Amerikaner bestreiten alle Vorwürfe

Das Bundeskriminalamt fertigte vorigen Monat einen vertraulichen Bericht an, demzufolge die amerikanische Botschaft das von der Illustrierten in Abschrift zur Verfügung gestellte Papier als "nicht authentisch" eingestuft habe: "Obgleich der Verfasser über zumindest rudimentäre Kenntnisse hinsichtlich des Aufbaus derartiger Schreiben verfügt haben müsse, weise es zahlreiche Widersprüche in Bezug auf das Format, die Terminologie sowie den Inhalt auf", habe die Botschaft erklärt. Zudem habe es im April 2007 keine Observationen durch US-Einheiten in Heilbronn gegeben; eine SIT-Einheit habe niemals existiert.

Obwohl die Illustrierte korrekterweise den Quellenschutz einhält, ist sich das Bundesinnenministerium mittlerweile sicher, den wichtigsten Informanten des Blattes zu kennen. Dieser "Hinweisgeber" habe, so teilte Fritsche den Parlamentariern mit, auch am 12. November in einer E-Mail dem Bundesinnenminister Hans-Peter Friedrich sein angebliches "Hintergrundwissen" offeriert.

In dieser E-Mail, die der Süddeutschen Zeitung vorliegt, wies er "nachdrücklich" auf die angebliche "Verstrickung islamistischer Kreise", sowie des "Heeresnachrichtendienstes der US-Armee" und mehrerer deutscher Verfassungsschutzämter in den "Heilbronner Mordfall" hin. Kurz darauf machte er als Zeuge eine Aussage vor Ermittlern der Sonderkommission "Trio". Er behauptete, nach dem Polizistenmord ein Gespräch zweier amerikanischer Geheimdienstleute mitgehört zu haben, die sich über eine beinahe missglückte Observation in Heilbronn unterhalten hätten.

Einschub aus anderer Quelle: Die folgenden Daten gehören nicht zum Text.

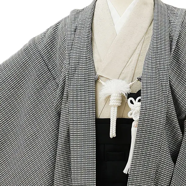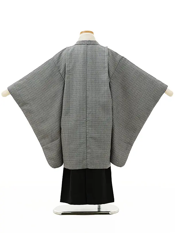 かんたん七五三レンタル(5歳男袴)X154紺千鳥格子x黒袴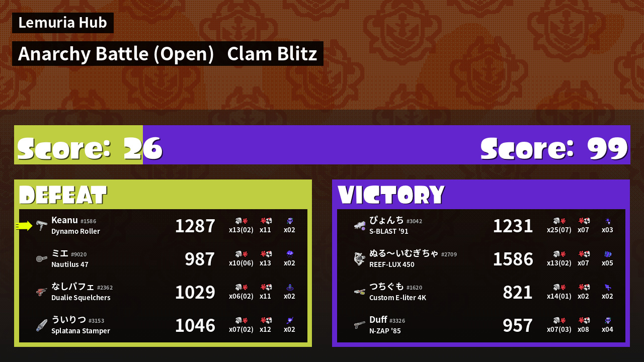 | Mode | Clam Blitz - Anarchy Battle (Open) | ||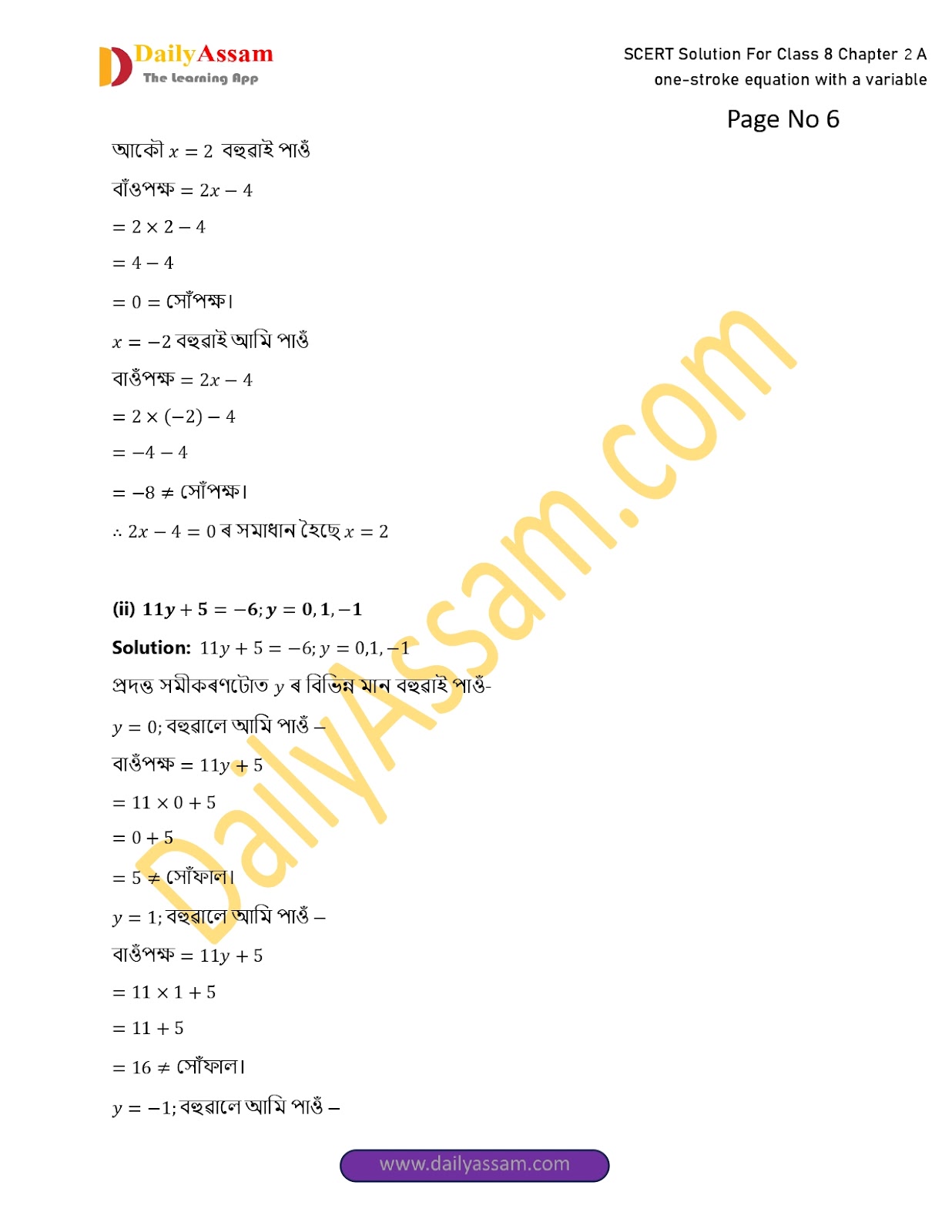 2. তলৰ প্ৰত্য়েকটো সমীকৰণ লগতে চলকৰ কিছুমান মান দিয়া হৈছে । এই মানবোৰৰ ভিতৰত কোনটো মান সমীকৰণটোৰ সমাধান হ'ব নিৰ্ণয় কৰা ।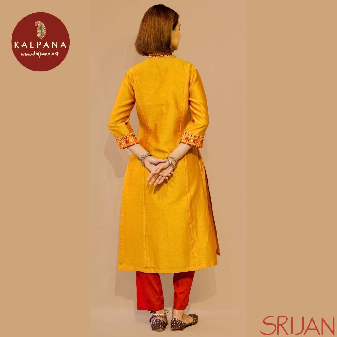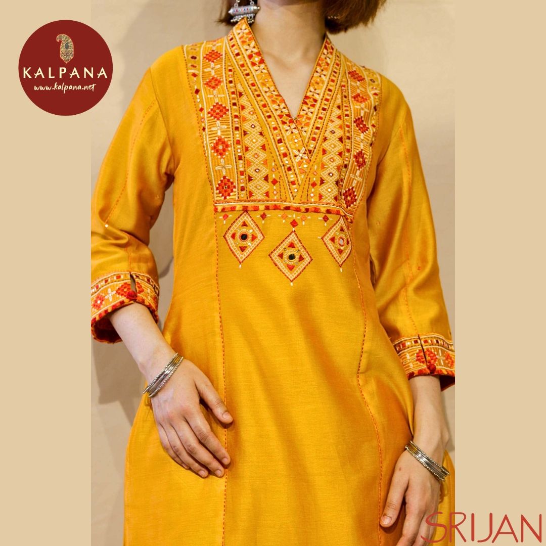 Top : Rabari Princess Line Yellow Chanderi Shirt and Overlap Neck with embroidery Neckline.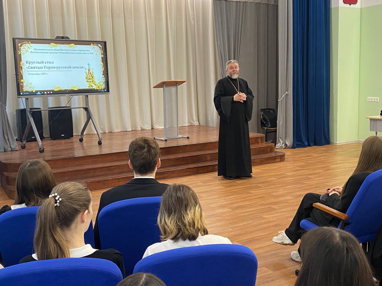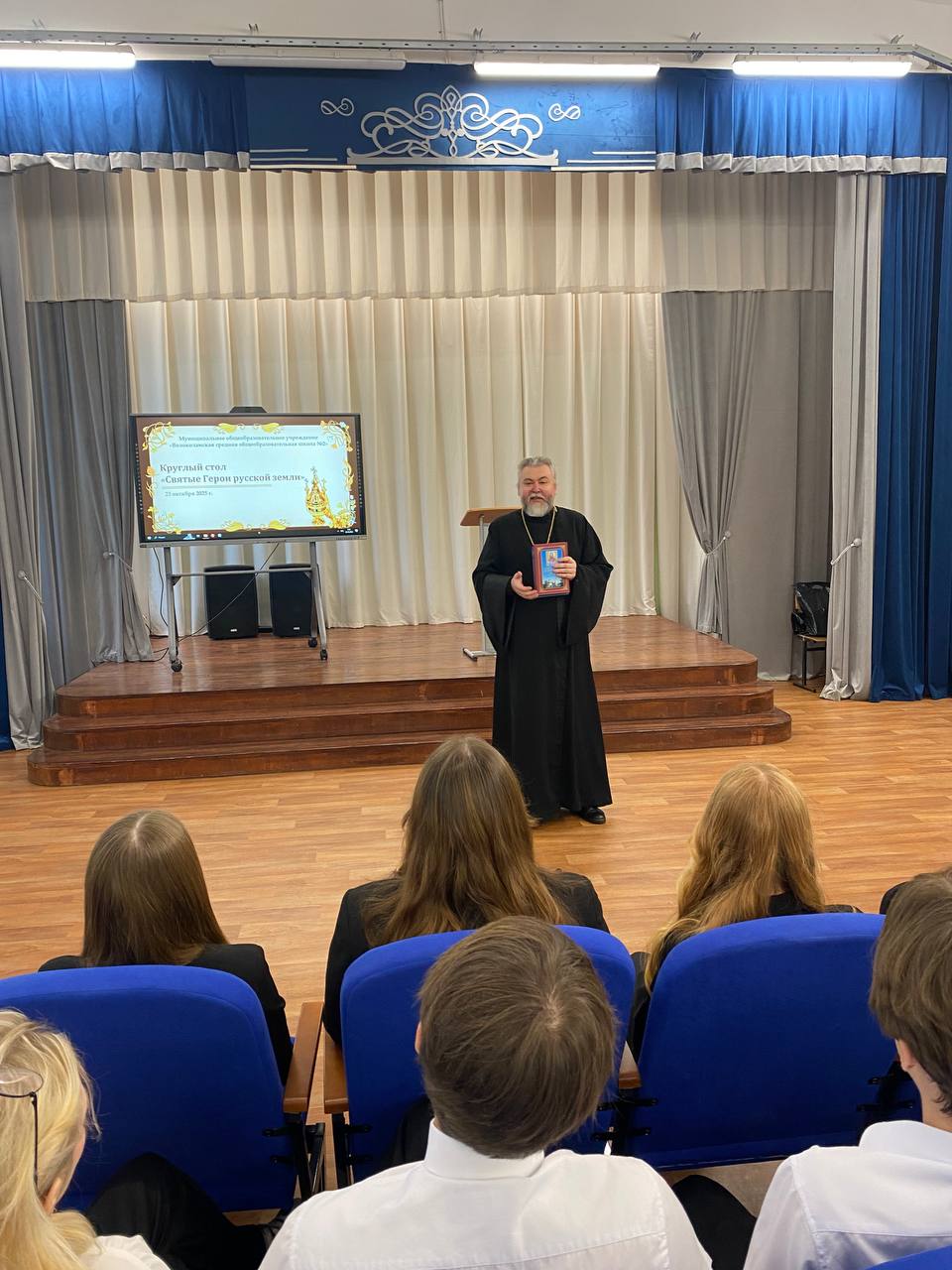 23 октября в окормляемом приходом Введенского храма с. Спирово учебном заведении МОУ СОШ 2 г.Волоколамска, прошла конференция в форме круглого стола на тему: «Святые герои русской земли». Приветственное слово произнес протоиерей Константин Попов, открывший данное мероприятие. С докладами о жизни и подвиге святых угодников, князей, воинов, их роли в истории Российского государства и Русской Церкви, выступили учащиеся школы. Очень содержательную информацию в докладах на тему встречи, учащимся школы было в свою очередь интересно услышать от гостей, студентов Московских Университетов МГИМО и МГОУ (ГУП) , приглашенных к участию в конференции. Модератор конференции была Карпухина В. В., преподаватель истории и обществознания, педагог школы.

Die beiden von ihm als mögliche Auskunftspersonen benannten Amerikaner bestritten gegenüber deutschen Ermittlern alle Vorwürfe. Einer der beiden sagte, er habe gegen den Deutschen im Herbst 2006 ein internes Ermittlungsverfahren wegen angeblicher Unregelmäßigkeiten bei der Abrechnung der Dienstzeiten geführt. Der zweite als Auskunftsperson benannte US-Soldat war ebenfalls an diesen Ermittlungen beteiligt. Er halte das Observationsprotokoll für "eine Fälschung" und den Deutschen "für einen Lügner", erklärte er als Zeuge.

Der unter Verdacht geratene deutsche Ex-Geheime hatte sich im Vorjahr vergeblich bei Friedrich, der damals noch Chef der CSU-Landesgruppe war, als "Persönlicher Referent in Sachen Nachrichtendienste" beworben. Er kenne "sämtliche Spieler in den deutschen Sicherheitsdienststellen", schrieb er.